From day-one with my HP Pavilion dv9700 laptop Vista (32) has been crashing. At first it was when I would disconnect from the internet, and thought it was a dialing issue (my DSL provider supplies a poor dialer and even worse support), so I setup the VPN connection to go straight from windows with the appropriate settings, and that worked, but it didn't stop the blue screens. Then it started happening when I would use any online communication software with video streaming - Skype, Gmail Video chat. Now it just happens randomly, and I've noticed that when I leave my computer connected to the net overnight I wake up the next morning and it's usually sitting with a BSOD.

I ran a memory check that came back clean. I've attached 2 of a huge list of minidumps (I'm not kidding, I cleaned them up a few months back, and I've already got like 20 more). I was hoping somebody would be helpful enough to debug them. I'm a programmer, but have little experience with this side of windows, although my hunch is a faulty driver, although I couldnt tell you which one. Stab in the not-so-dark, it's the Realtek network driver - from the internet symptoms, but don't hold me to it.
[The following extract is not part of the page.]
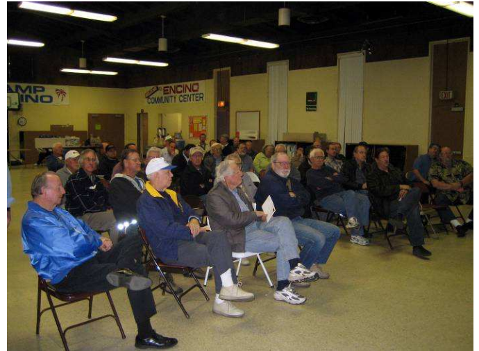
Figure 4 Working towards a full house.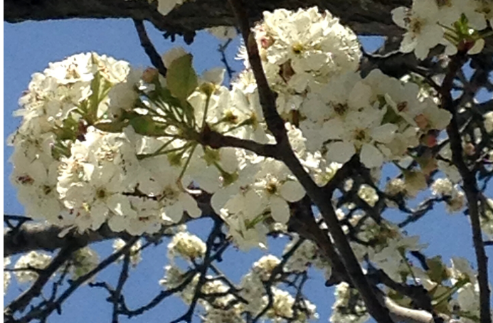
Callery pear (tree) Pyrus calleryana

In addition, it is probably worthwhile mentioning that as far as I know I have the most up to date versions of all relevant drivers, i recently flashed my bios. im open to alternate suggestions, but as far as other-things-to-do go, I think I've pretty much done them all. Now I'm just frustrated and impatient and growing less and less fond of windows.

Thanks in advance :)
 
Both errors are 0x0000007F: UNEXPECTED_KERNEL_MODE_TRAP and is defined as one of three types of problems occurred in kernel-mode: (1) Hardware failures. (2) Software problems. (3) A bound trap (i.e., a condition that the kernel is not allowed to have or intercept). Hardware failures are the most common cause and, of these, memory hardware failures are the most common.
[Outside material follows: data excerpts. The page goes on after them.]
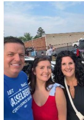
I had a great time participating in the Middleburg Heights Summer in the City Parade in June. There was plenty of family-friendly entertainment!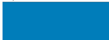
Royal - Pantone 7641 C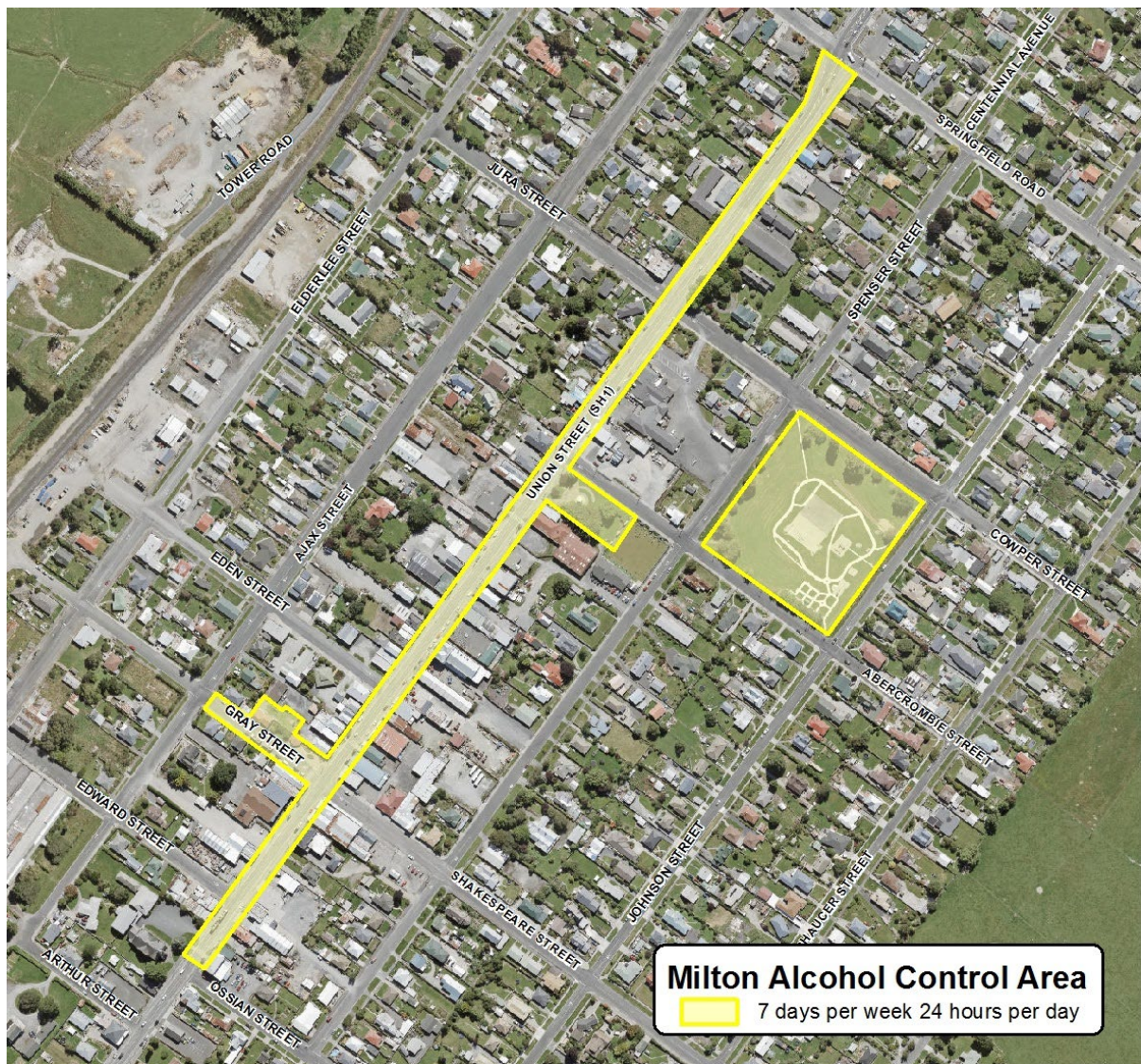
Map 2 Milton Alcohol Control Area

Both dumps cited Windows OS drivers. This first is ndiswan.sys and the other tdx.sys. Normally, Windows drivers are too general to be of much help.

However, both this drivers have to do with networking. It is quite possible either your NIC card/Ethernet drivers need to be updated or you have a faulty NIC/Wireless card that needs to be replaced.
 
thanks champ! lets hope this is just a software issue, i couldnt be bothered taking this to the manufacturer to argue over whether im misusing the system and try and prove there is a hardware issue.

in any case, ive tried to take care of my network driver. ill be back if theres anything more to report.